In our study we analysed only RBCT with elevated (≥1.8 mmol/L) pre-transfusion lactate in order to show the effect of RBCT on its concentration. Normal (<1.8 mmol/L) lactate does not decrease further following RBCT, as was shown in the study by Themelin et al. [15]. Themelin showed that even with normal pre-RBCT lactate, ScvO2 improved significantly following RBCT, showing that lactate does not have appropriate sensitivity as a physiologic RBCT trigger. In our study there were 49 RBCTs with normal pre-transfusion lactate that were excluded; in these transfusions DO2 still may have been improved.

In our study RBCT did lead to a statistically significant drop in lactate; however RBCT did not lead to normalisation of its mildly elevated concentration. It is impossible to know if this was due to the presence of other factors affecting lactate, or RBCT was not required and RBC over-transfusion occurred. Apart from Hb concentration, there are other factors that influence DO2-VO2 balance and lactate as its surrogate: Cardiac output, oxygen saturation, amount of oxygen dissolved in plasma, and oxygen consumption. It may also be that Hb did not reach critical levels for tissue hypoxia to occur and elevated pre-RBCT lactate was due to other factors or there was insufficient time for lactate to increase when a critical level of Hb was reached. Our observations are similar to the analysis by Mazza et al., who showed that, in the subgroup of patients with systemic inflammatory response syndrome/sepsis with Hb < 8 g/dL (mean pre-RBCT Hb 7.34 ± 0.48 g/dL), RBCT did not normalise lactate (pre-post RBCT lactate 2.02 ± 1.20 vs. 1.92 ± 0.80, p = 0.80) [16]. In our study pre-RBCT lactate was higher (2.46 (IQR 2.09–3.21) vs. 2.02 ± 1.20 mmol/L) and Hb was lower (6.7 (IQR 6.3–7.05) vs. 7.3 g/dL) compared to the study by Mazza et al. and still there was no normalisation of lactate post-transfusion. One should keep in mind that RBCs stored for longer time accumulate lactate as a storage lesion by-product and may impact on post-RBCT lactate levels.

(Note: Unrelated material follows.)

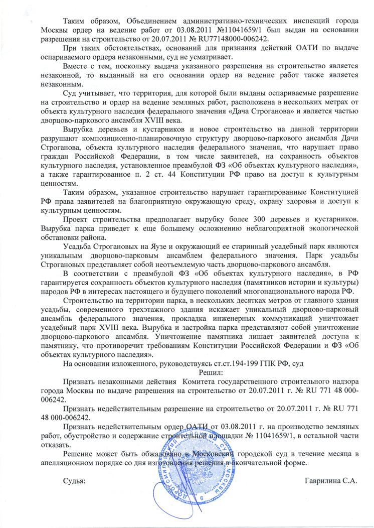 Суд выдал активистам решение о незаконности застройки Строгановского парка

In our study pre-transfusion lactate was mildly elevated and lactate determination post-transfusion was performed after 3.9 (IQR 2.7–6.1) h, so lactate accumulated in RBC as a storage by-product had minimal impact on the results obtained. As RBCT did not normalise lactate even in patients with no limitations of its interpretation, we hypothesise that pre-transfusion lactate levels should not be used as a physiologic RBCT trigger in this group of patients. There are other surrogates of DO2-VO2 balance that may be used as physiologic transfusion triggers, namely ScvO2 [8] and A-V O2diff [6].

Study Limitations

Our study has some limitations. Firstly, it is retrospective in nature, so we missed some results, especially some pre-post RBCT lactate concentration (12 RBCTs). Secondly, the number of analysed transfusions may be a limitation; however, the number of analysed RBCT episodes had to be reduced by RBCTs with normal pre-transfusion lactate (49 RBCT), leading to a final number of analysed RBCT of 77. Thirdly, we performed our analysis in a heterogeneous group of critically ill patients. The only common factor was hospitalisation in the ICU, absence of bleeding, and severe anaemia. Moreover, the study performed was a single center study. Finally, we did not analyse other surrogates of DO2-VO2 balance, so we could not compare the validity of blood lactate to other physiologic RBCT triggers.

5. Conclusions

RBCT does not normalise mildly elevated lactate concentration in non-bleeding severely anaemic critically ill patients. Common causes of elevated lactate probably did not impact on lactate concentration in our group of critically ill patients. Therefore blood lactate may have a limited role as a physiologic RBCT trigger in non-bleeding severely anaemic critically ill patients.